COG-UK / dipi-group

Data integrity and pipeline integration working group
4 stars 1 forks source link

ENA has "United Kingdom:null" as Country for at least 84 seqs #208

Closed AngieHinrichs closed 2 years ago

AngieHinrichs commented 2 years ago

Some records in ENA have "United Kingdom:null" as Country, for example https://www.ebi.ac.uk/ena/browser/view/OW504710 . Many also have 2020 as the collection date even though COG-UK has much more recent (and detailed) collection dates. For example, OW504710 and its BioSample https://www.ebi.ac.uk/ena/browser/view/SAMEA13979005 have 2020 as the collection date but its COG-UK accession is NORT-YNB9B4G, and COG metadata has 2022-02-16 as the collection date.

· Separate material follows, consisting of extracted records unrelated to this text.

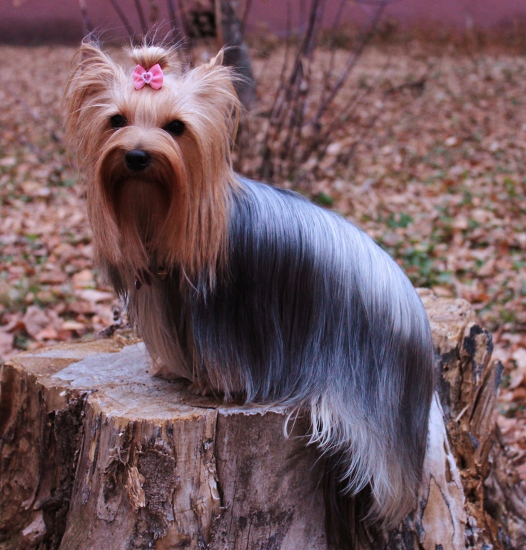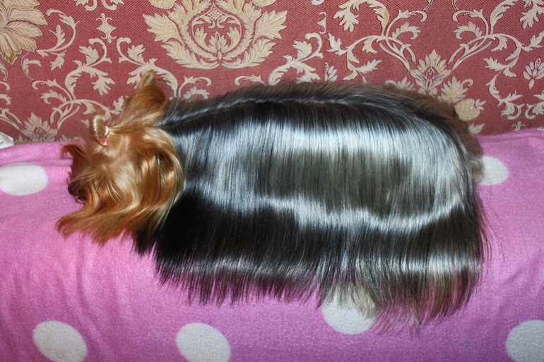 Какая красотка:)шерсть просто восторг:) у меня тоже девочка йорк и тоже с шерстью длинной,но терпение мое уже на исходе чесать ее,планирую весной подстричь)))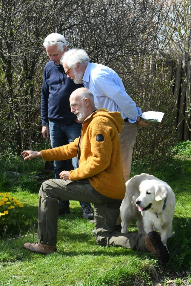 Dan gaan we met zijn allen de tuin in. De tuin heeft een weids uitzicht over de weilanden. Overal wijst Ed planten aan die inheems zijn en echt van Texel komen. De honden en ook zijn kleindochter lopen gezellig mee. We wandelen langs een kas met stekjes. De bordjes bij de plantjes vertellen waar Ed het plantje vandaan heeft op het eiland.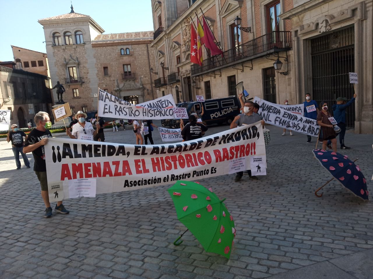 Los comerciantes y vendedores ambulantes del Rastro se han concentrado este miércoles en la Plaza de la Villa por la reapertura del emblemático mercado de la capital. Durante la concentración, que se ha desarrollado a las 17 horas, se ha realizado una cacelorada. (399 visitas)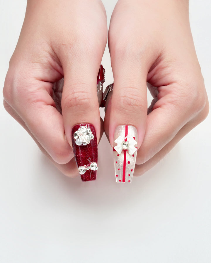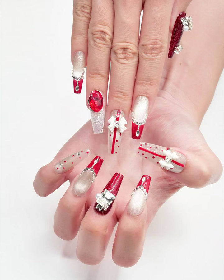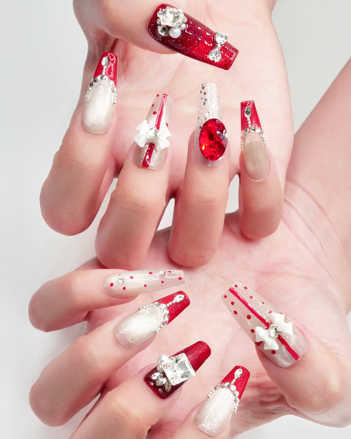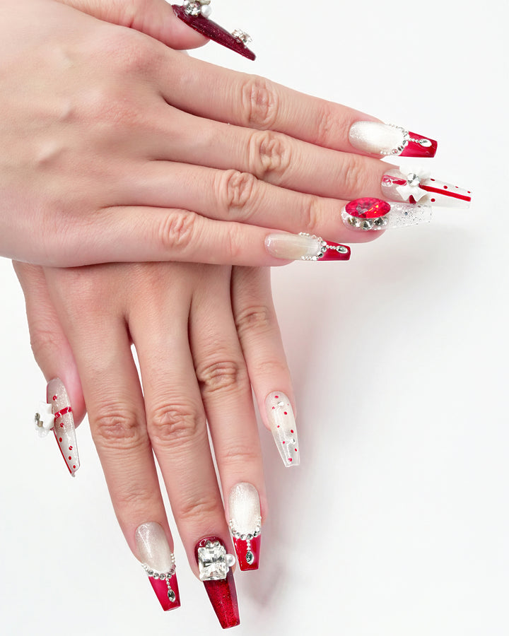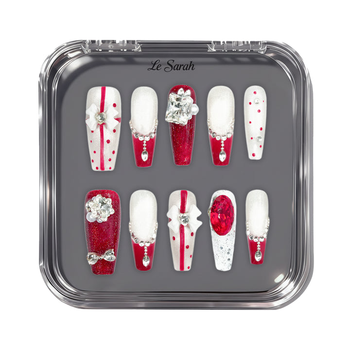 Le Sarah's New Year’s Armor, a festive standout from our Night Out Collection, blends holiday glamour with bold sophistication. This design features a classic red-and-white palette, adorned with sparkling crystal embellishments and chic geometric details that evoke the excitement of New Year’s celebrations. Capturing the essence of celebratory luxury, these nails bring a vibrant, eye-catching charm to your New Year’s Eve or festive night-out look.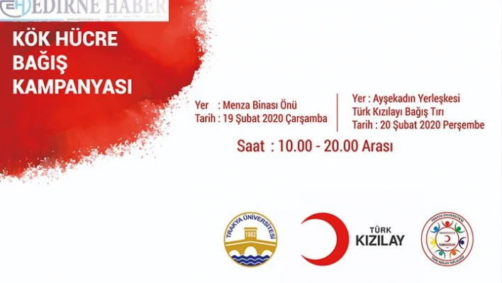 Trakya Üniversitesi (TÜ) "Kan ve kök hücre bağışı kampanyası" düzenleyecek.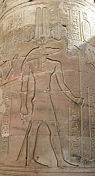 Abb. links: Relief-Darstellung von Sobek in Kom Ombo. Er trägt seine Attribute als Kopfschmuck: hohe Federn, Hörner, zwei Uräusschlangen und Sonnenscheibe. Desweiteren das Was-Zepter und das Anch-Symbol in seiner Hand. (Foto: Elvira Kronlob)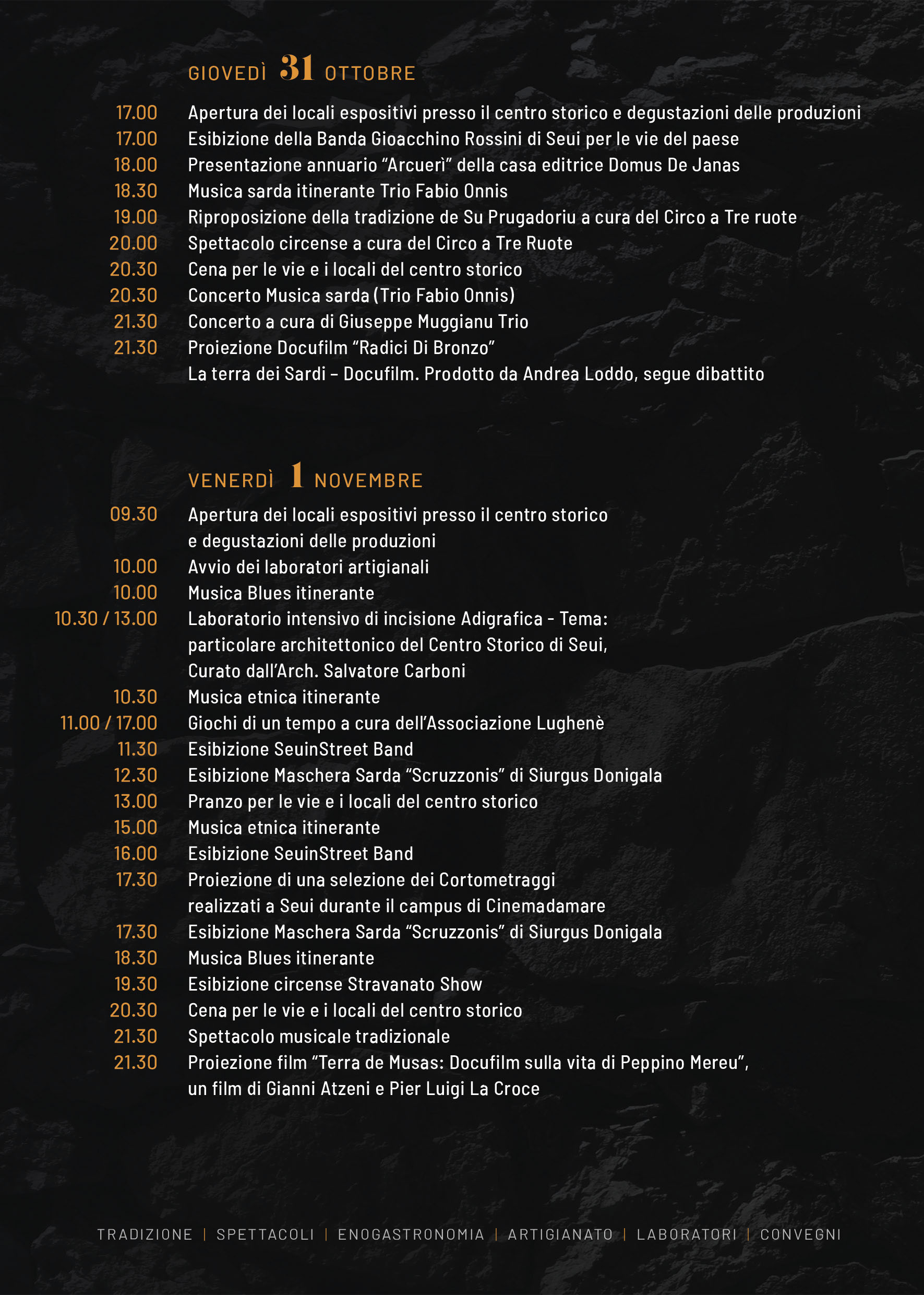 L’ampio programma coniuga come sempre tradizioni, cultura, gusto e divertimento, articolandosi in quattro intensi giorni. Si parte giovedì 31 ottobre: alle 17 aprono locali espositivi nel centro storico e iniziano le degustazioni dei prodotti locali. Si prosegue con esibizioni musicali itineranti e con la riproposizione della tradizione de Su Prugadoriu. In serata, cena per le vie del centro storico, spettacoli e musica dal vivo.

Here's a file mapping COG-UK accession to ENA accession for 84 that are in the current UCSC/UShER tree: nullCogToEna.txt

AngieHinrichs commented 2 years ago

Updated file, 21500 of them now (of which 21470 are in today's cog_metadata.csv): nullCogToEna.2022-05-10.txt.gz

BioWilko commented 2 years ago

I have now fixed this for data going forward and have contacted ENA about dealing with the metadata in their system.

AngieHinrichs commented 2 years ago

Great, thanks @BioWilko!

AngieHinrichs commented 2 years ago

https://www.ebi.ac.uk/ena/browser/view/OW504710 still has "United Kingdom:null" - maybe ENA need another prod?

BioWilko commented 2 years ago

Hi Angie

If you look at the actual sample metadata for that record it has indeed been updated but having spoken to ENA this is a "flat file" which needs to be regenerated manually by themselves, I've sent a list of potentially affected accessions so they may do so.

Sam